Hint: First we need to know the meaning of the range of a parametric equation. Now, we will calculate the range of the values of x and y separately. To do this, first we will select the variable x and then we will write t in terms of x. Now, using the given condition $-2\le t\le 3$ we will find the range of x. Similarly we will find the range of values of y.

Complete step by step answer:
Here we have been provided with the parametric equation $x=3-2t$ and $y=2+3t$ with the condition $-2\le t\le 3$. We have to determine the range.
Since the given equation is a parametric equation so here the definitions of the domain and the range is slightly different from what we generally use for the function $y=f\left( x \right)$. In parametric equations the domain is the set of values of t and the ranges are the sets of values of x and y.
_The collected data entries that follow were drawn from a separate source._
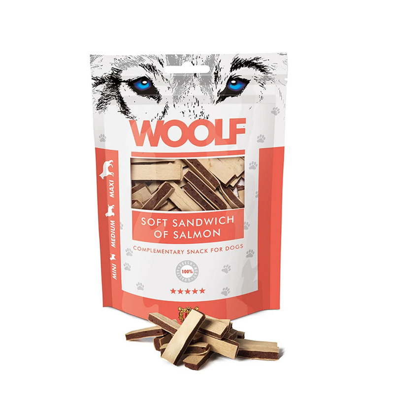 Woolf Przysmak dla psa Miękkie kanapeczki z łososiem 100 g
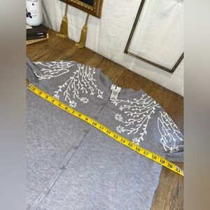 Elegant and feminine cardigan with delicate white floral embroidery on the shoulders and front. Soft grey knit, round neckline, and button-down closure. A refined piece that adds charm to both casual and dressy outfits.
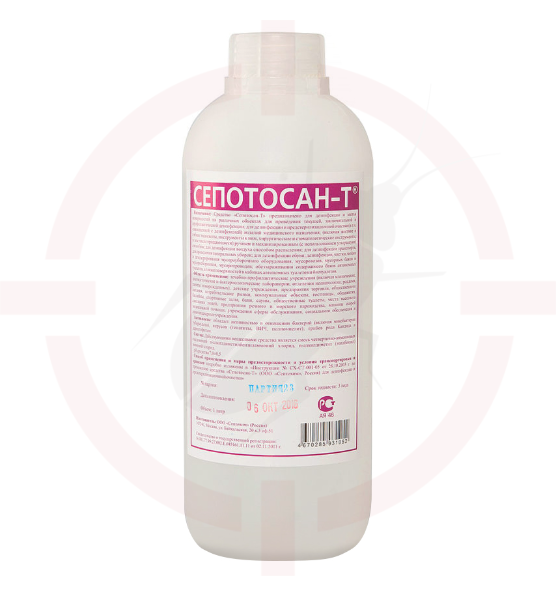 «Сепотосан-Т» - обладает антимикробной активностью в отношении различных грамотрицательных и грамположительных микроорганизмов, возбудителей туберкулеза, вирусов (парентеральные гепатиты, полиомиелит, ВИЧ), грибов рода Кандида и Трихофитон (дерматофитий), возбудителей внутрибольничных инфекций.

So, we need to determine the sets of values of x and y separately.
(1) Let us consider $x=3-2t$.
Now, we can write t in terms of x as:
$\Rightarrow t=\dfrac{3-x}{2}$
$\because -2\le t\le 3$
Substituting the value of t in terms of x we get,
$\Rightarrow -2\le \dfrac{3-x}{2}\le 3$
Multiplying all the terms with 2 we get,
$\begin{align}
  & \Rightarrow -4\le 3-x\le 6 \\
 & \Rightarrow -7\le -x\le 3 \\
\end{align}$
Multiplying all the terms with -1 and changing the direction of inequality because we are multiplying them with a negative number, we get,
$\begin{align}
 & \Rightarrow -3\le x\le 7 \\
\end{align}$
Hence, the range of values of x is $\left[ -3,7 \right]$.
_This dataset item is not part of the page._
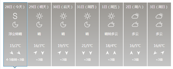 大风黄色及沙尘蓝色预警中。
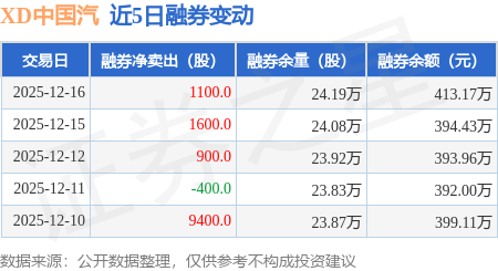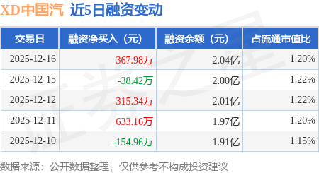 证券之星消息,12月16日,XD中国汽(601965)融资买入2223.08万元,融资偿还1855.1万元,融资净买入367.98万元,融资余额2.04亿元,近20个交易日中有12个交易日出现融资净买入。

(2) Now, let us consider $y=2+3t$.
We can write t in terms of y as:
$\Rightarrow t=\dfrac{y-2}{3}$
$\because -2\le t\le 3$
Substituting the value of t in terms of y we get,
$\Rightarrow -2\le \dfrac{y-2}{3}\le 3$
Multiplying all the terms with 3 we get,\[\]
$\begin{align}
  & \Rightarrow -6\le y-2\le 9 \\
 & \because -4\le y\le 11 \\
\end{align}$

Hence, the range of values of y is $\left[ -4,11 \right]$.
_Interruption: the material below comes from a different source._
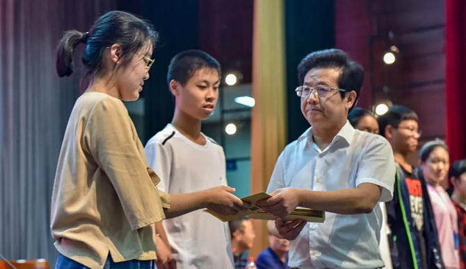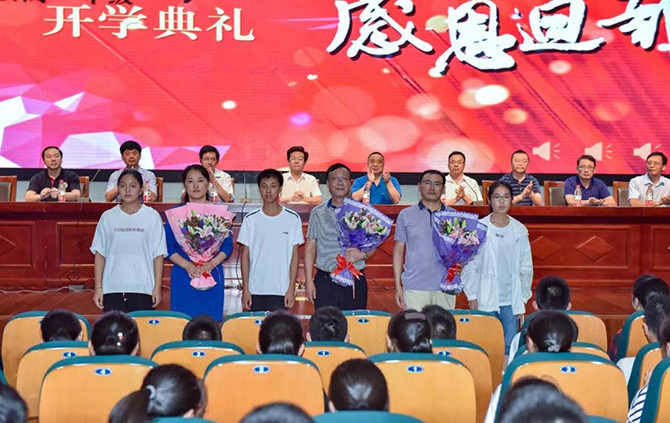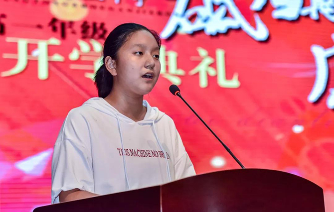 入学典礼在嘹亮的国歌声中开始,季仲平校长首先给录取我校的中考全区前十名同学颁发了“华伟”奖学金,以此鼓励全体高一新生砥砺奋进,继续前行。高一6班王乐章同学在代表发言中表示,要树立远大理想,在美丽通高,与大家共赴一场“遇见”,让自己成为最好的自己。

Note: You must remember the definition of domain and range for a parametric equation. In the above you cannot write the set of x values as the domain and the set of y values as the range because here we don’t have the function $y=f\left( x \right)$ but the values of x and y depend on a third variable t. So, the domain of this given function will be the set of values of t.